*** Opening of RECORDS TO PROCESS ***

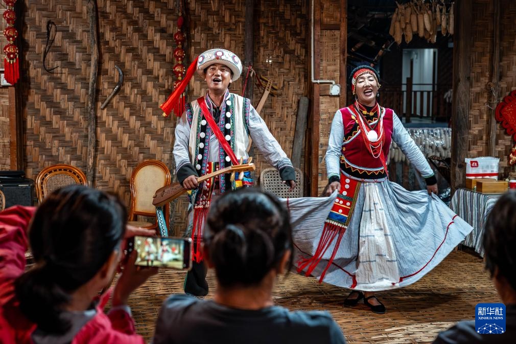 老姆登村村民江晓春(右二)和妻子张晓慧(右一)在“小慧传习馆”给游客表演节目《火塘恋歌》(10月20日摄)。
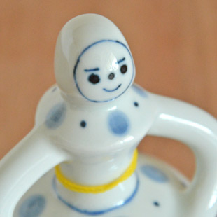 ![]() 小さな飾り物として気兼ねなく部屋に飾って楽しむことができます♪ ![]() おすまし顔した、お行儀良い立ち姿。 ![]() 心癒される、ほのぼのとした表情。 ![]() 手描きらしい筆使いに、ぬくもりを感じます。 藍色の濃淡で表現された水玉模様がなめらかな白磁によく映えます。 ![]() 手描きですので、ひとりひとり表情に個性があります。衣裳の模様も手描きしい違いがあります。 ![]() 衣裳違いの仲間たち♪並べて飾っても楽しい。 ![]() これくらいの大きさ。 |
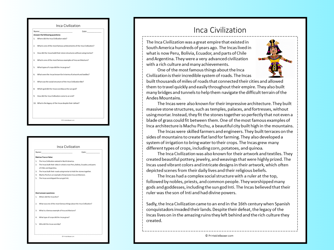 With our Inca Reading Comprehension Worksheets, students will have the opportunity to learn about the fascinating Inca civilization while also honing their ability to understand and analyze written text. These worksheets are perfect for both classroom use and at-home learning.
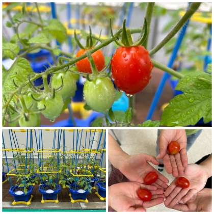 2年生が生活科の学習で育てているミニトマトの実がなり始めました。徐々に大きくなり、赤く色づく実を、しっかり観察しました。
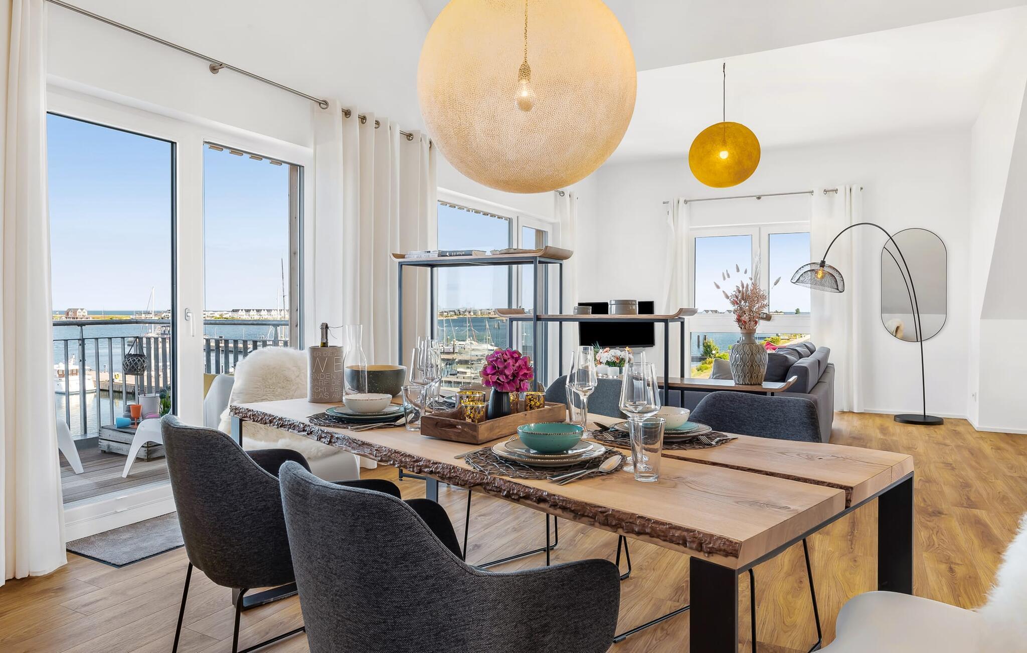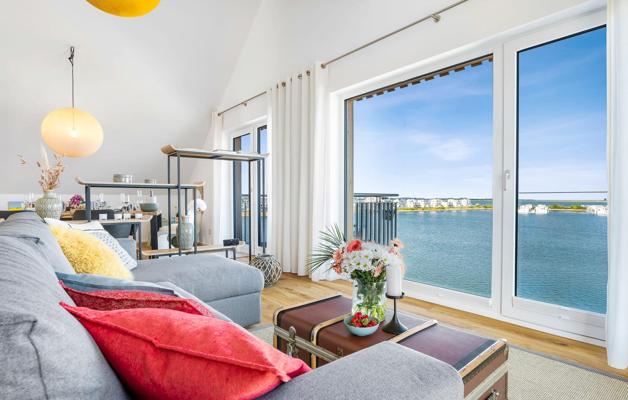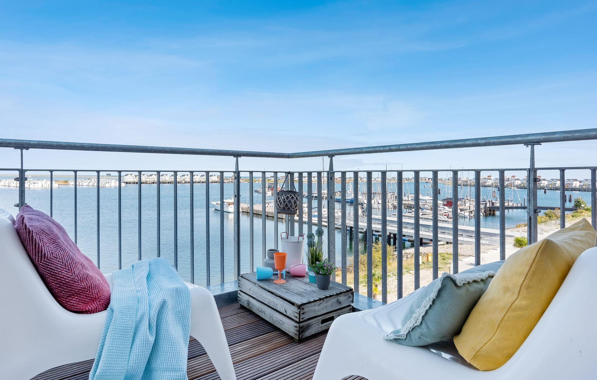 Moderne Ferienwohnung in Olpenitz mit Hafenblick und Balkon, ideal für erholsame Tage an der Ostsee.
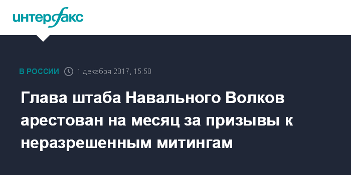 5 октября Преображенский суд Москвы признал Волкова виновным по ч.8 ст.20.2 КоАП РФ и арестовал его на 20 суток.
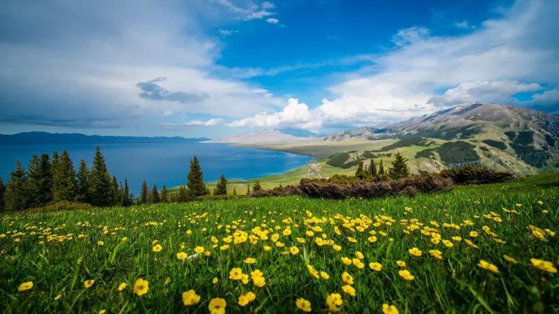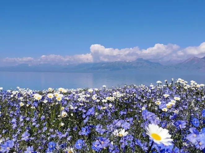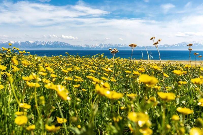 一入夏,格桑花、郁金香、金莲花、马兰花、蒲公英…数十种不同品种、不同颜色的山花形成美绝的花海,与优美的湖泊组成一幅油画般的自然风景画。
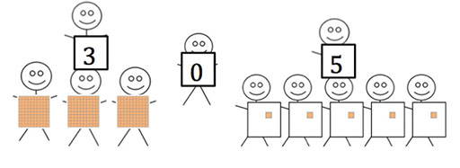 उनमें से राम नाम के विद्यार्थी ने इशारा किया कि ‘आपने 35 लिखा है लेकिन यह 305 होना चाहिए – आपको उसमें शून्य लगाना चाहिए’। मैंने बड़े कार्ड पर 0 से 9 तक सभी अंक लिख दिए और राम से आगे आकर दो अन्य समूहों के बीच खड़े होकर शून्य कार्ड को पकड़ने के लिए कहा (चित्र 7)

*** Close of RECORDS TO PROCESS ***
*** Opening of RECORDS TO PROCESS ***

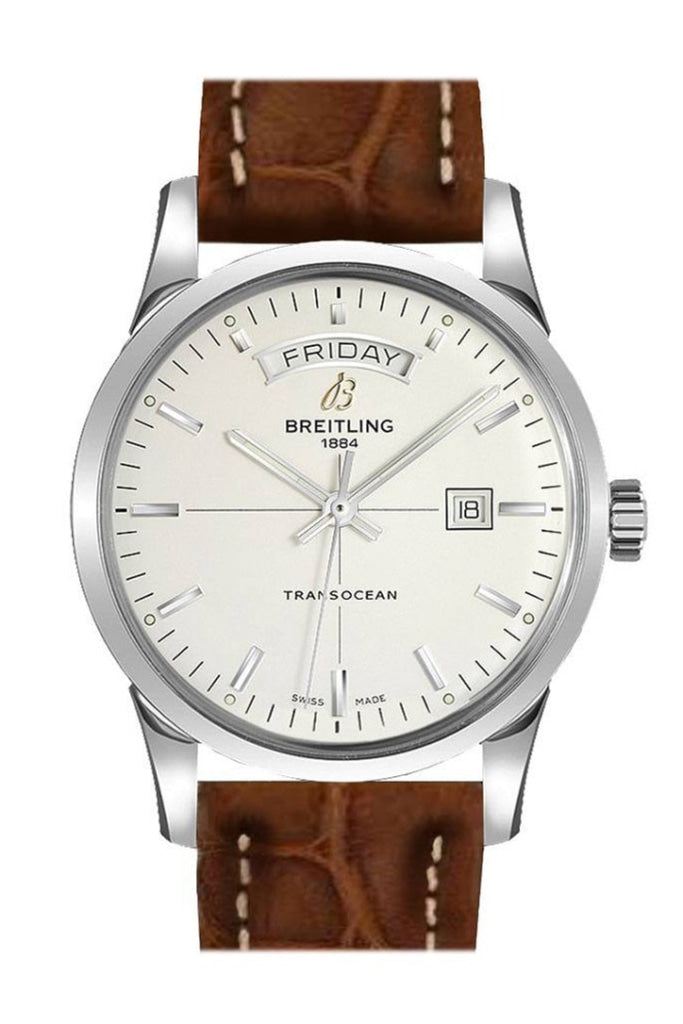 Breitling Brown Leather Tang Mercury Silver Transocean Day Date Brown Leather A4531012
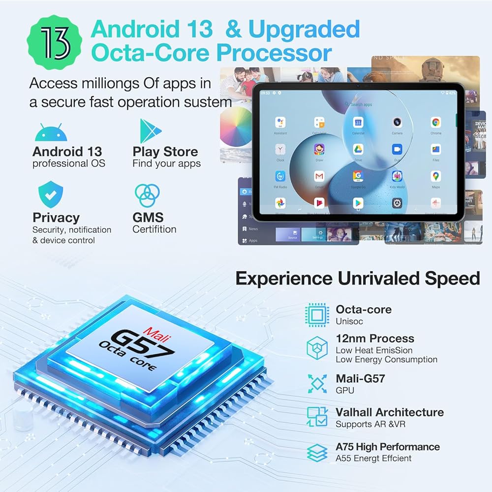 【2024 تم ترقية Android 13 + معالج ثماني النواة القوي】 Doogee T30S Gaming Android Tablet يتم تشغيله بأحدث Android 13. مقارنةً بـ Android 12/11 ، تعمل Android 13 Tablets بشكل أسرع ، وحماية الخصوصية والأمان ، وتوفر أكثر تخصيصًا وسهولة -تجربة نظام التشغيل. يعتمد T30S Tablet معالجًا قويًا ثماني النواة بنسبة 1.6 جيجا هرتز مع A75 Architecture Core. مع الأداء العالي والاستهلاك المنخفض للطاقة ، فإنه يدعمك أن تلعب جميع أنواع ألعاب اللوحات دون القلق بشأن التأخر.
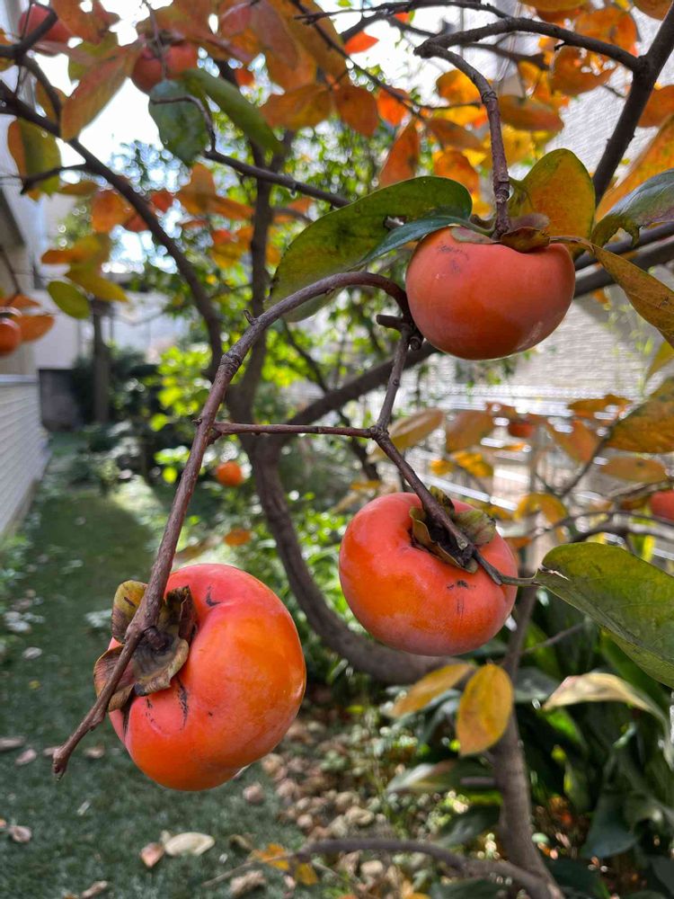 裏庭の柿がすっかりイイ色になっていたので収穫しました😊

*** Close of RECORDS TO PROCESS ***

* [AIM OF THE TASK] Leaving each picture behind, please give again exactly the lines above from the one with "衣裳違いの仲間たち♪並べて飾っても楽しい。 ![]() これくらいの大きさ。 |" through the one with "उनमें से राम", both included, and no others.

* [SOLUTION TO THE PROBLEM]
 ![]() 小さな飾り物として気兼ねなく部屋に飾って楽しむことができます♪ ![]() おすまし顔した、お行儀良い立ち姿。 ![]() 心癒される、ほのぼのとした表情。 ![]() 手描きらしい筆使いに、ぬくもりを感じます。 藍色の濃淡で表現された水玉模様がなめらかな白磁によく映えます。 ![]() 手描きですので、ひとりひとり表情に個性があります。衣裳の模様も手描きしい違いがあります。 ![]() 衣裳違いの仲間たち♪並べて飾っても楽しい。 ![]() これくらいの大きさ。 |
 With our Inca Reading Comprehension Worksheets, students will have the opportunity to learn about the fascinating Inca civilization while also honing their ability to understand and analyze written text. These worksheets are perfect for both classroom use and at-home learning.
 2年生が生活科の学習で育てているミニトマトの実がなり始めました。徐々に大きくなり、赤く色づく実を、しっかり観察しました。
 Moderne Ferienwohnung in Olpenitz mit Hafenblick und Balkon, ideal für erholsame Tage an der Ostsee.
 5 октября Преображенский суд Москвы признал Волкова виновным по ч.8 ст.20.2 КоАП РФ и арестовал его на 20 суток.
 一入夏,格桑花、郁金香、金莲花、马兰花、蒲公英…数十种不同品种、不同颜色的山花形成美绝的花海,与优美的湖泊组成一幅油画般的自然风景画。
 उनमें से राम नाम के विद्यार्थी ने इशारा किया कि ‘आपने 35 लिखा है लेकिन यह 305 होना चाहिए – आपको उसमें शून्य लगाना चाहिए’। मैंने बड़े कार्ड पर 0 से 9 तक सभी अंक लिख दिए और राम से आगे आकर दो अन्य समूहों के बीच खड़े होकर शून्य कार्ड को पकड़ने के लिए कहा (चित्र 7)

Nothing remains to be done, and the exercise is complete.